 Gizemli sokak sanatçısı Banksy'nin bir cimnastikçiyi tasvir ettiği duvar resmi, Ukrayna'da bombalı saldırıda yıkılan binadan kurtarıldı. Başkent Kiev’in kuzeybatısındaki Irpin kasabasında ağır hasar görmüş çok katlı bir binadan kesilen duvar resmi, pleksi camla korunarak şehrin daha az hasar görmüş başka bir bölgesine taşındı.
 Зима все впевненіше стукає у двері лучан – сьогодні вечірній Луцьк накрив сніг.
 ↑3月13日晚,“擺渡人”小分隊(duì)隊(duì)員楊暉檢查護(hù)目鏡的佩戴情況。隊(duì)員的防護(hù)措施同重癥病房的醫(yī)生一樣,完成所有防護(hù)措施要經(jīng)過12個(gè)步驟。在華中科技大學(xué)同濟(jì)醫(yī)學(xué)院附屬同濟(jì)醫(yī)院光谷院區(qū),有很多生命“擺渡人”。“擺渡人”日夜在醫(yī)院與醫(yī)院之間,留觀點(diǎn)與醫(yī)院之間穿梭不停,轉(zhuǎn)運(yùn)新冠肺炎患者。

---

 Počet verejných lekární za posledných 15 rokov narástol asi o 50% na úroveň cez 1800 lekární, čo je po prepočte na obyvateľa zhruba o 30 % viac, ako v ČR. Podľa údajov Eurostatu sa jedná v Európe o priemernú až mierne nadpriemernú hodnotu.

* * *

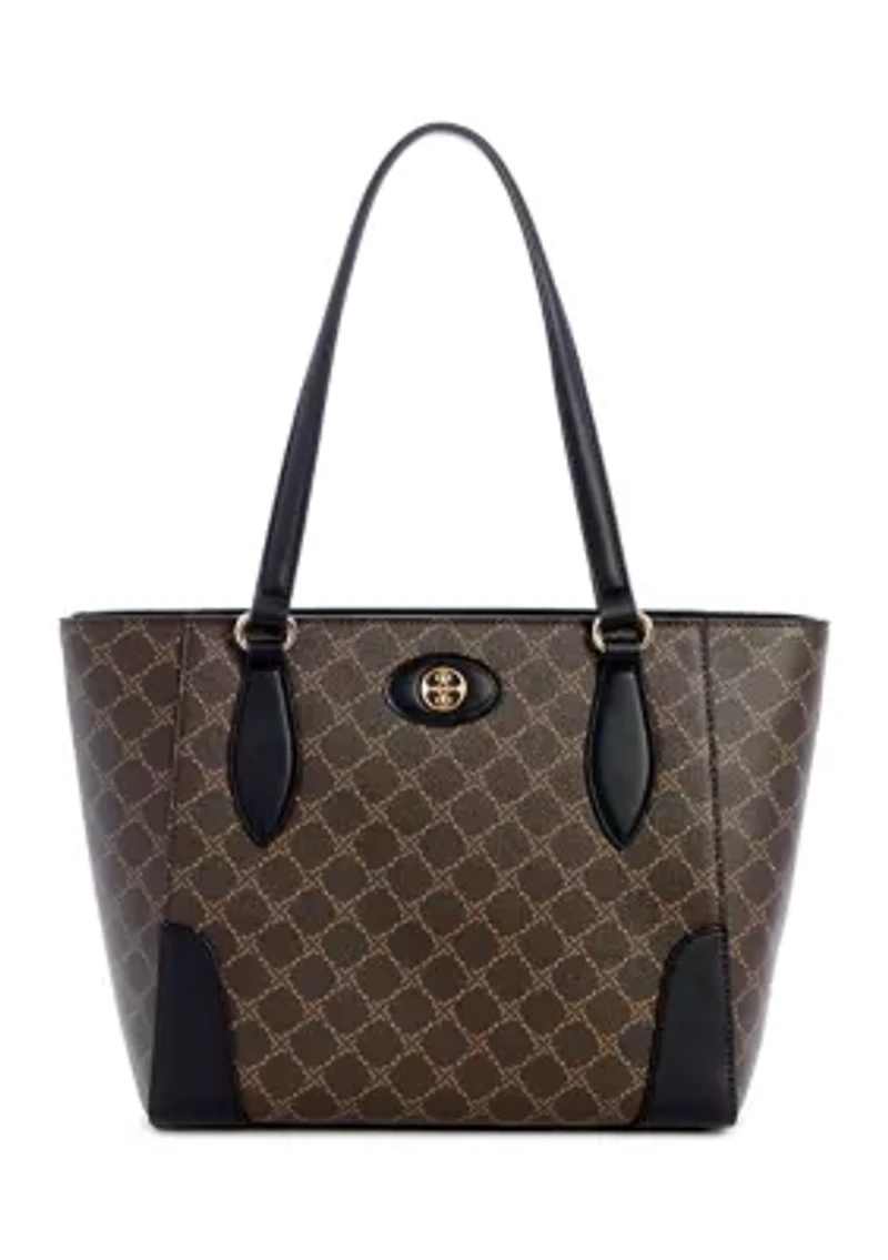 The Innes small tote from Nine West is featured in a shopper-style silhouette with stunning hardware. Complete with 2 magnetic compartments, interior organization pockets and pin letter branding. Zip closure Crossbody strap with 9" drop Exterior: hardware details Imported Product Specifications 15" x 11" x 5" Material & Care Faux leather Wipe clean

▶ Task objective
Find the line with "Gizemli sokak sanatçısı" in the entries above. Retype it and each line after it, exactly, through the line with "Зима все впевненіше", and stop there.

▶ Reply
 Gizemli sokak sanatçısı Banksy'nin bir cimnastikçiyi tasvir ettiği duvar resmi, Ukrayna'da bombalı saldırıda yıkılan binadan kurtarıldı. Başkent Kiev’in kuzeybatısındaki Irpin kasabasında ağır hasar görmüş çok katlı bir binadan kesilen duvar resmi, pleksi camla korunarak şehrin daha az hasar görmüş başka bir bölgesine taşındı.
 Зима все впевненіше стукає у двері лучан – сьогодні вечірній Луцьк накрив сніг.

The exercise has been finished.